Content starts

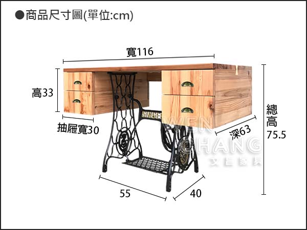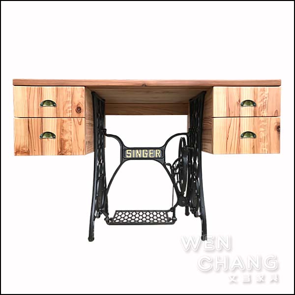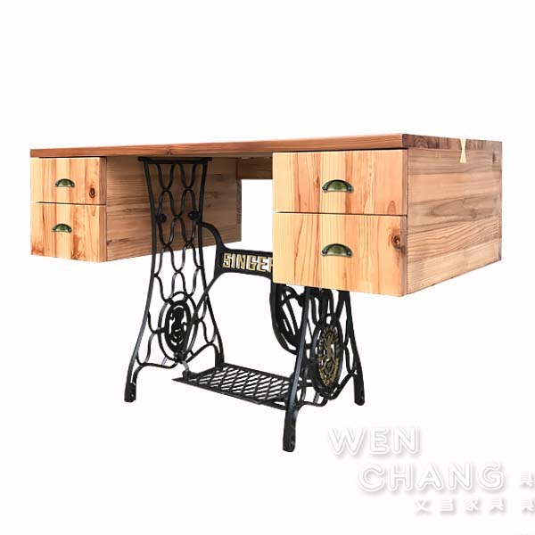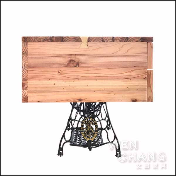 復古歐風雕花裁縫機腳,典雅優美,搭配香杉木桌面,別具特色。
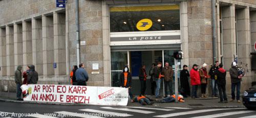 De jeunes militants concernés par le futur de la langue bretonne ont manifesté ce matin devant la poste centrale de Quimper qui vient d'être rénovée. Plusieurs militants s'étaient couchés sur le trottoir pendant que d'autres portaient des masques mortuaires ou distribuaient des tracts bilingues. Le tout symbolisant la mort du breton. L'Ankou avec sa faux était aussi sur les lieux. Ce serait une déception chez un grand nombre de Quimpérois puisque le bilinguisme n'y a pas été introduit comme l'espérait l'association Ai'ta (*) qui revendique cette action et demande le bilinguisme signalétique, que le breton soit introduit dans les automates comme les autres langues et qu'au minimum que les agents de la poste brittophones soient recensés et autorisés à parler breton aux clients. Des votations citoyennes devant des bureaux de poste auraient donné 95 % de résultats favorables à une présence du breton à la poste. Autrefois à l'école, les élèves qui parlaient breton étaient mis au coin avec un bonnet d'âne. La poste continue les brimades. Parlez breton au guichet et on vous demandera de circuler. Vous aurez plus de chance si vous parlez anglais car l'accueil des touristes étrangers y est certainement plus agréable. Pourquoi la Poste en pays breton ne serait-elle pas bilingue ? On s'imagine que favoriser les demandeurs d'emplois bilingues donnerait un bonus aux bretonnants et cela serait donc un encouragement à apprendre et à pratiquer la langue bretonne. Cela, on le sait depuis longtemps, l'État ne veut pas. On invoque la boîte de Pandore : le breton, puis le corse, puis l'alsacien et pourquoi pas l'arabe à Clichy ou à Marseille ? Et alors ? Et si cette unité tant recherchée n'était qu'un déni de réalité. Il ne s'agit là que de bilinguisme après tout. La Poste est depuis le 23 mars 2010 une société anonyme à capitaux publics. Donc aucune raison de suivre des directives du gouvernement comme le fait la SNCF. Si la Poste est devenue une société elle n'est plus tout à fait un service public et a parfaitement le droit d'introduire le breton dans ses bureaux comme l'a fait Super U dans certains de ses magasins, comme celui de Landudec où toute la signalétique des rayons est bilingue. Le privé encore une fois montre le chemin grâce à sa plus grande réactivité face aux attentes du public. Jusqu'à maintenant les services publics ont fait preuve d'autisme face aux requêtes d'organisations comme Ai'ta. ABP a essayé de joindre le directeur de la Poste de Quimper mais sans succès – surtout un samedi. Toutefois, Ai'ta aurait fini par obtenir un rendez-vous avec Guy Jeannin, directeur régional de La Poste à Rennes, mercredi prochain.(*) Ai'ta ! est un collectif distinct de tout groupe politique, qui lutte pour l'avancée de la langue bretonne dans la vie publique, et ce par des actions décalées et non-violentes. Philippe Argouarch
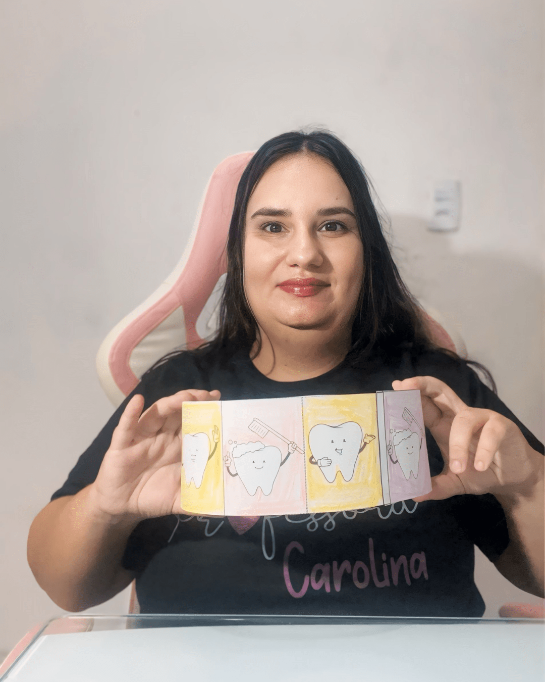 • Continuamos com mais jogos, como tabuleiros educativos sobre saúde bucal, e realizamos workshops de escovação supervisionada. As histórias interativas seguem reforçando os personagens que aprendem sobre a higiene bucal.
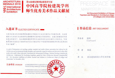 为展现当代中国高等院校建筑与环境设计专业美术教学水平和教学成果,中国教育国际交流协会、全国高校建筑学学科专业指导委员会美术教学工作委员会主办,并得到威尼斯双年展组委会和意大利高校的支持,在第16届威尼斯双年展期间,举办了中国高等院校建筑学科师生优秀美术作品文献展。全国共有100多所设有建筑与环境设计专业的院校参加,评选委员会由来自清华大学、中央美术学院、同济大学等国内院校及意大利的专家教授组成,经过评选,共有来自71所院校的43件教师优秀作品和67件学生优秀作品入选。
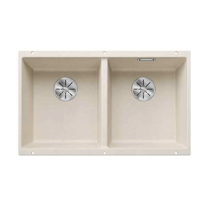Blanco SUBLINE 350/350-U Silgranit 2 Bowl Undermount Kitchen Sink with Manual InFino Waste – Soft White – 527164
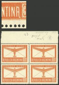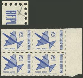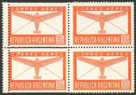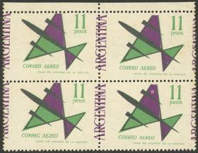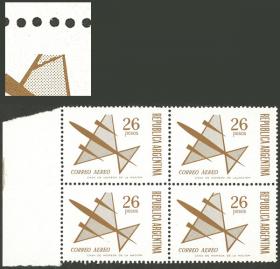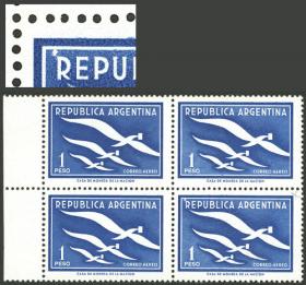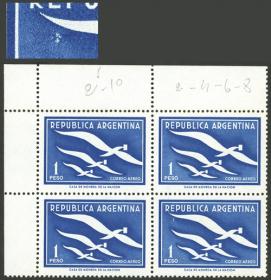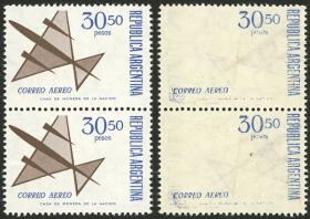 817 ARGENTINA - CORREO AÉREO Cuadro / Nuevo Mint N°Cat.: GJ.1338A MB. GJ.1338A, cuadro, los sellos izquierdos con VARIEDAD : color borravino casi invisible Precio inicial: US$ 10 Precio actual: US$ 10 Oferte US$ 10 o más

Content ends

■ **Problem to solve**: Could the entries above be restated word for word, with the pictures left out?

■ **Answer area**:
 復古歐風雕花裁縫機腳,典雅優美,搭配香杉木桌面,別具特色。
 De jeunes militants concernés par le futur de la langue bretonne ont manifesté ce matin devant la poste centrale de Quimper qui vient d'être rénovée. Plusieurs militants s'étaient couchés sur le trottoir pendant que d'autres portaient des masques mortuaires ou distribuaient des tracts bilingues. Le tout symbolisant la mort du breton. L'Ankou avec sa faux était aussi sur les lieux. Ce serait une déception chez un grand nombre de Quimpérois puisque le bilinguisme n'y a pas été introduit comme l'espérait l'association Ai'ta (*) qui revendique cette action et demande le bilinguisme signalétique, que le breton soit introduit dans les automates comme les autres langues et qu'au minimum que les agents de la poste brittophones soient recensés et autorisés à parler breton aux clients. Des votations citoyennes devant des bureaux de poste auraient donné 95 % de résultats favorables à une présence du breton à la poste. Autrefois à l'école, les élèves qui parlaient breton étaient mis au coin avec un bonnet d'âne. La poste continue les brimades. Parlez breton au guichet et on vous demandera de circuler. Vous aurez plus de chance si vous parlez anglais car l'accueil des touristes étrangers y est certainement plus agréable. Pourquoi la Poste en pays breton ne serait-elle pas bilingue ? On s'imagine que favoriser les demandeurs d'emplois bilingues donnerait un bonus aux bretonnants et cela serait donc un encouragement à apprendre et à pratiquer la langue bretonne. Cela, on le sait depuis longtemps, l'État ne veut pas. On invoque la boîte de Pandore : le breton, puis le corse, puis l'alsacien et pourquoi pas l'arabe à Clichy ou à Marseille ? Et alors ? Et si cette unité tant recherchée n'était qu'un déni de réalité. Il ne s'agit là que de bilinguisme après tout. La Poste est depuis le 23 mars 2010 une société anonyme à capitaux publics. Donc aucune raison de suivre des directives du gouvernement comme le fait la SNCF. Si la Poste est devenue une société elle n'est plus tout à fait un service public et a parfaitement le droit d'introduire le breton dans ses bureaux comme l'a fait Super U dans certains de ses magasins, comme celui de Landudec où toute la signalétique des rayons est bilingue. Le privé encore une fois montre le chemin grâce à sa plus grande réactivité face aux attentes du public. Jusqu'à maintenant les services publics ont fait preuve d'autisme face aux requêtes d'organisations comme Ai'ta. ABP a essayé de joindre le directeur de la Poste de Quimper mais sans succès – surtout un samedi. Toutefois, Ai'ta aurait fini par obtenir un rendez-vous avec Guy Jeannin, directeur régional de La Poste à Rennes, mercredi prochain.(*) Ai'ta ! est un collectif distinct de tout groupe politique, qui lutte pour l'avancée de la langue bretonne dans la vie publique, et ce par des actions décalées et non-violentes. Philippe Argouarch
 • Continuamos com mais jogos, como tabuleiros educativos sobre saúde bucal, e realizamos workshops de escovação supervisionada. As histórias interativas seguem reforçando os personagens que aprendem sobre a higiene bucal.
 为展现当代中国高等院校建筑与环境设计专业美术教学水平和教学成果,中国教育国际交流协会、全国高校建筑学学科专业指导委员会美术教学工作委员会主办,并得到威尼斯双年展组委会和意大利高校的支持,在第16届威尼斯双年展期间,举办了中国高等院校建筑学科师生优秀美术作品文献展。全国共有100多所设有建筑与环境设计专业的院校参加,评选委员会由来自清华大学、中央美术学院、同济大学等国内院校及意大利的专家教授组成,经过评选,共有来自71所院校的43件教师优秀作品和67件学生优秀作品入选。
Blanco SUBLINE 350/350-U Silgranit 2 Bowl Undermount Kitchen Sink with Manual InFino Waste – Soft White – 527164
 817 ARGENTINA - CORREO AÉREO Cuadro / Nuevo Mint N°Cat.: GJ.1338A MB. GJ.1338A, cuadro, los sellos izquierdos con VARIEDAD : color borravino casi invisible Precio inicial: US$ 10 Precio actual: US$ 10 Oferte US$ 10 o más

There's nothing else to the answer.